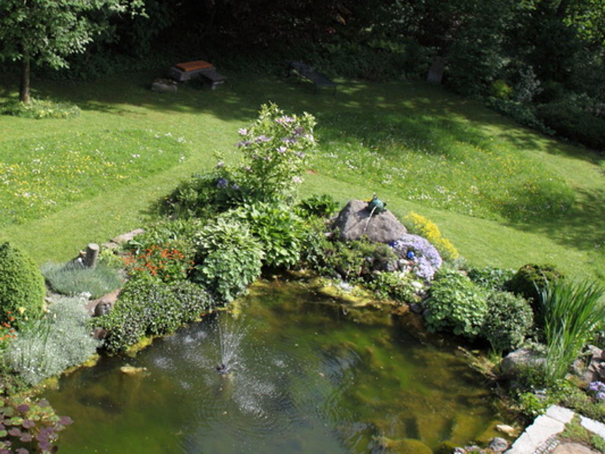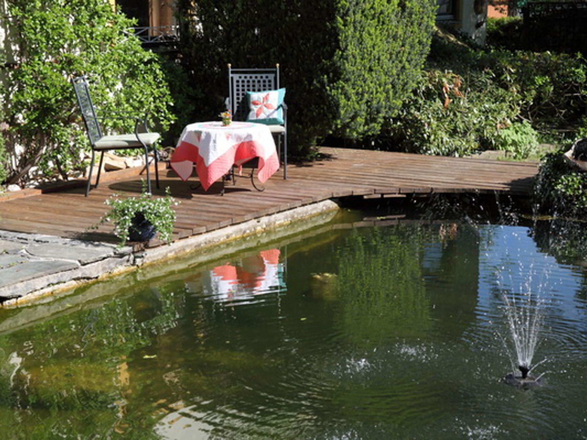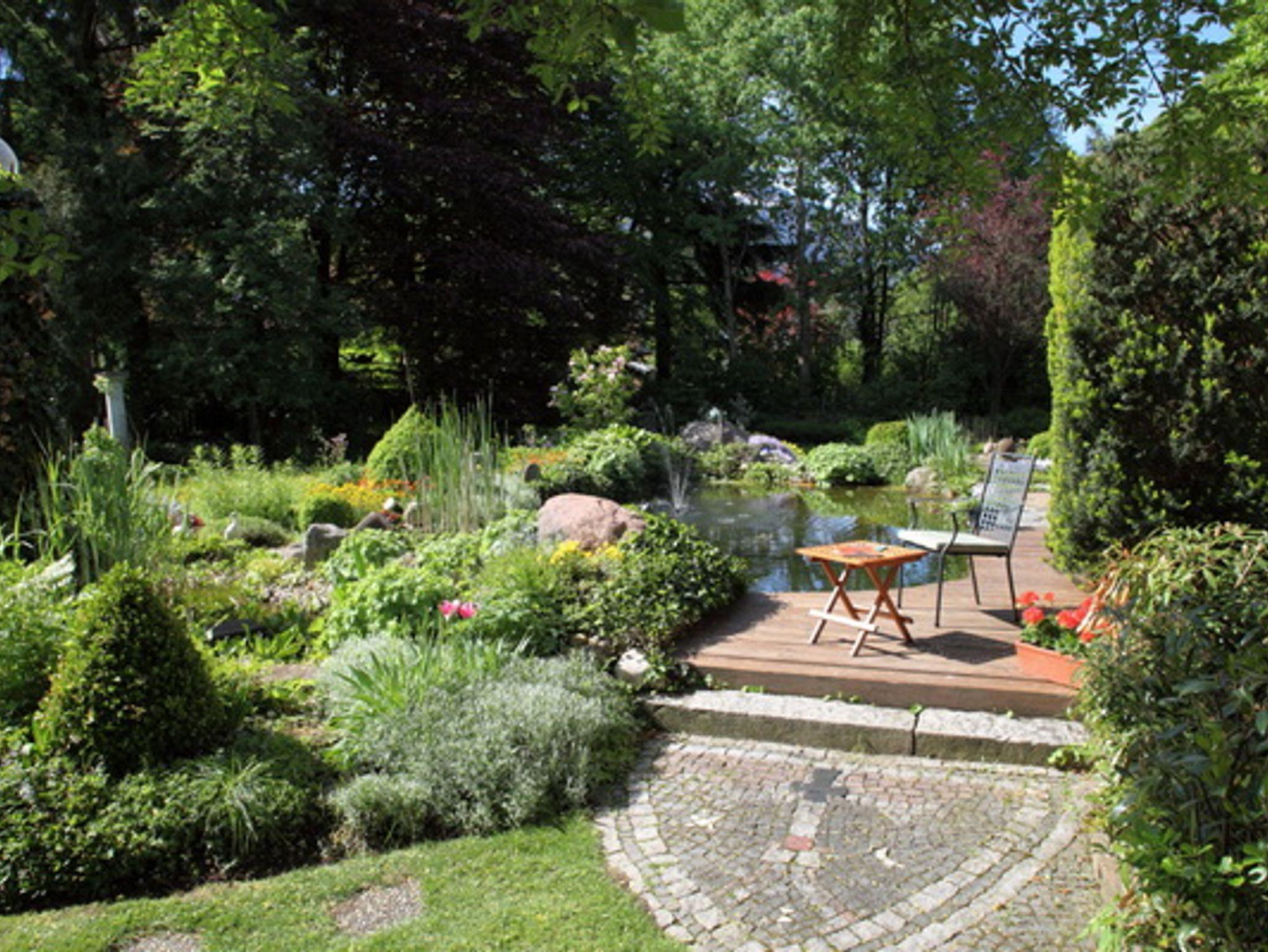 Im gepflegten großen Garten ist eine Sitzecke am Teich für Sie reserviert.
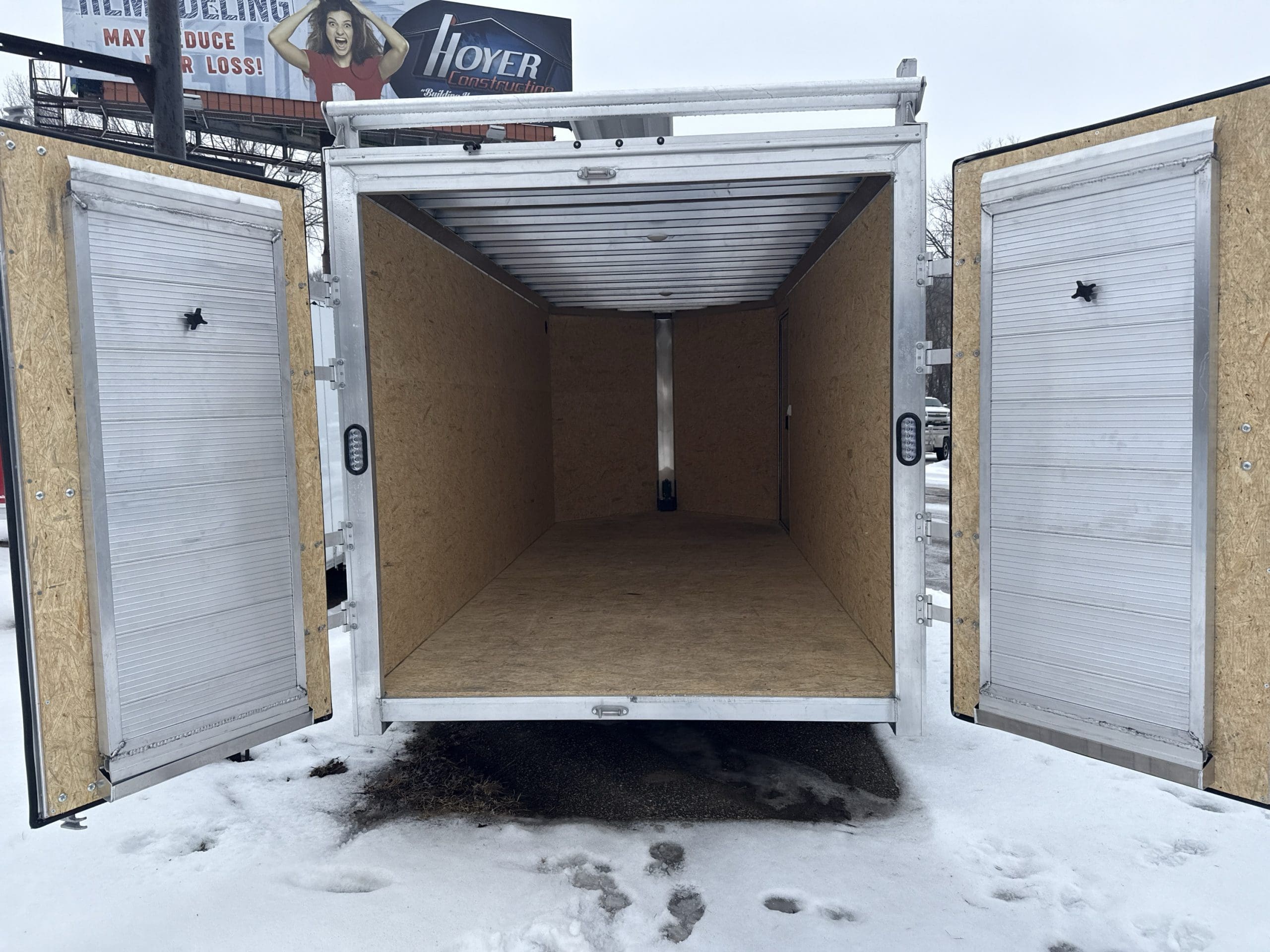 - DOUBLE BARN DOORS WITH STOWABLE ALUMINUM RAMPS
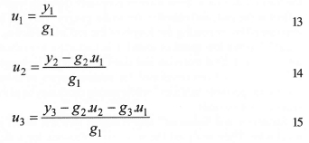 This is an inverse problem since gi-j and yj are known and uj needs to be determined. Unfortunately real data always has noise and is recorded using an analogue to digital converter. Solving the inverse problem amplifies noise and the steps introduced by the converter. Thus a polynomial is first fitted to the data and the smoothed data deconvoluted. The equations may be rearranged to solve for ui as follows:
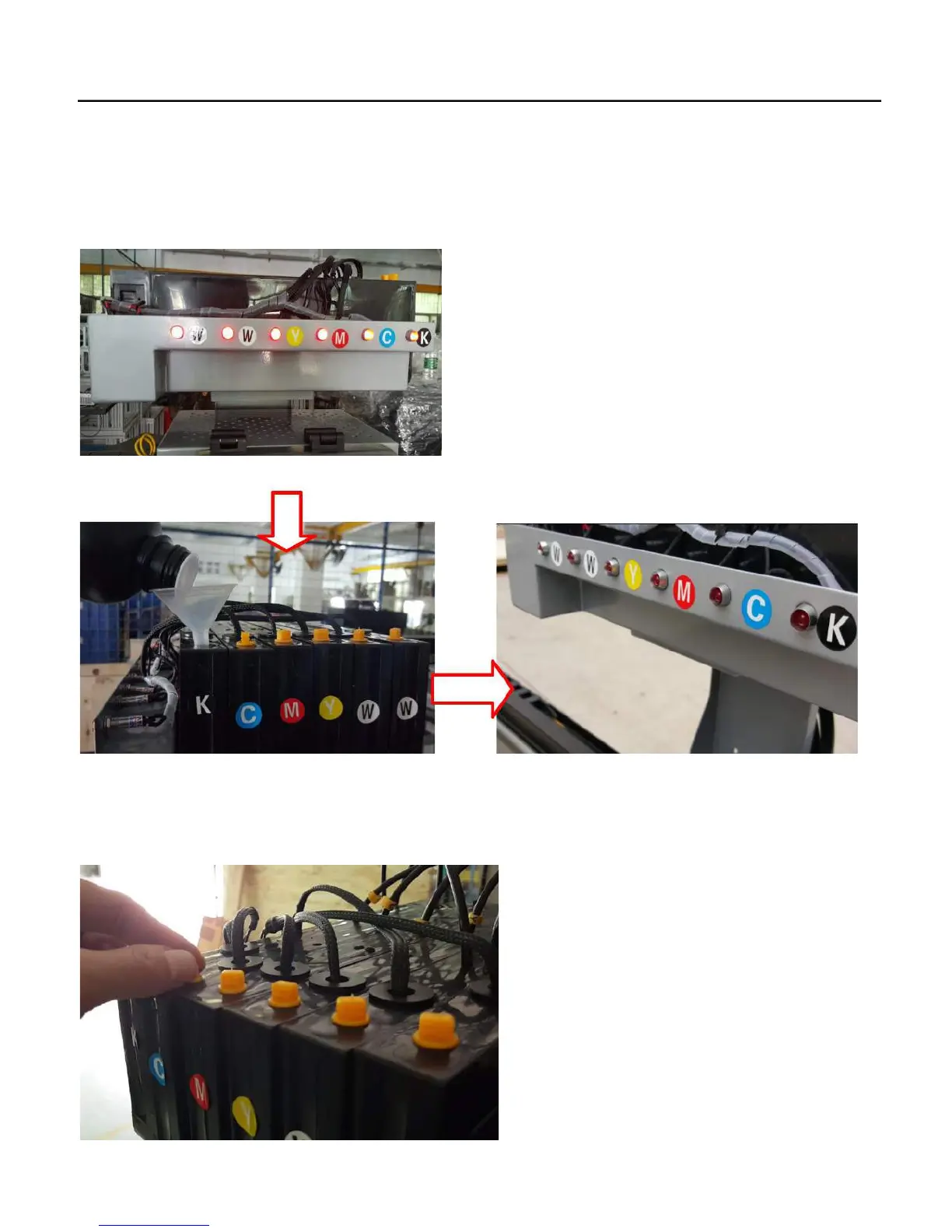 1. Open the ink tank cover, Fill the ink to the ink tank according to the ink mark at the ink tank by the funnel, different ink fill
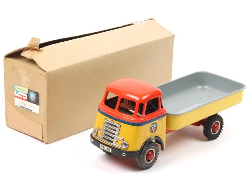 longueur : 29 cm - avec moteur à friction (fonctionne) - quelques petits frottements sur les éléments de châssis - pneus plus ou moins séchés & blanchis - quelques petites déchirures sur la boite & inscriptions au marqueur

· · · · · · ·

● **TO DO**:
Print exactly, with no pictures, the lines above from the one that holds "- DOUBLE BARN" through the one that holds "1. Open the", both of them included.

● **WRITTEN RESPONSE**:
 - DOUBLE BARN DOORS WITH STOWABLE ALUMINUM RAMPS
 This is an inverse problem since gi-j and yj are known and uj needs to be determined. Unfortunately real data always has noise and is recorded using an analogue to digital converter. Solving the inverse problem amplifies noise and the steps introduced by the converter. Thus a polynomial is first fitted to the data and the smoothed data deconvoluted. The equations may be rearranged to solve for ui as follows:
 1. Open the ink tank cover, Fill the ink to the ink tank according to the ink mark at the ink tank by the funnel, different ink fill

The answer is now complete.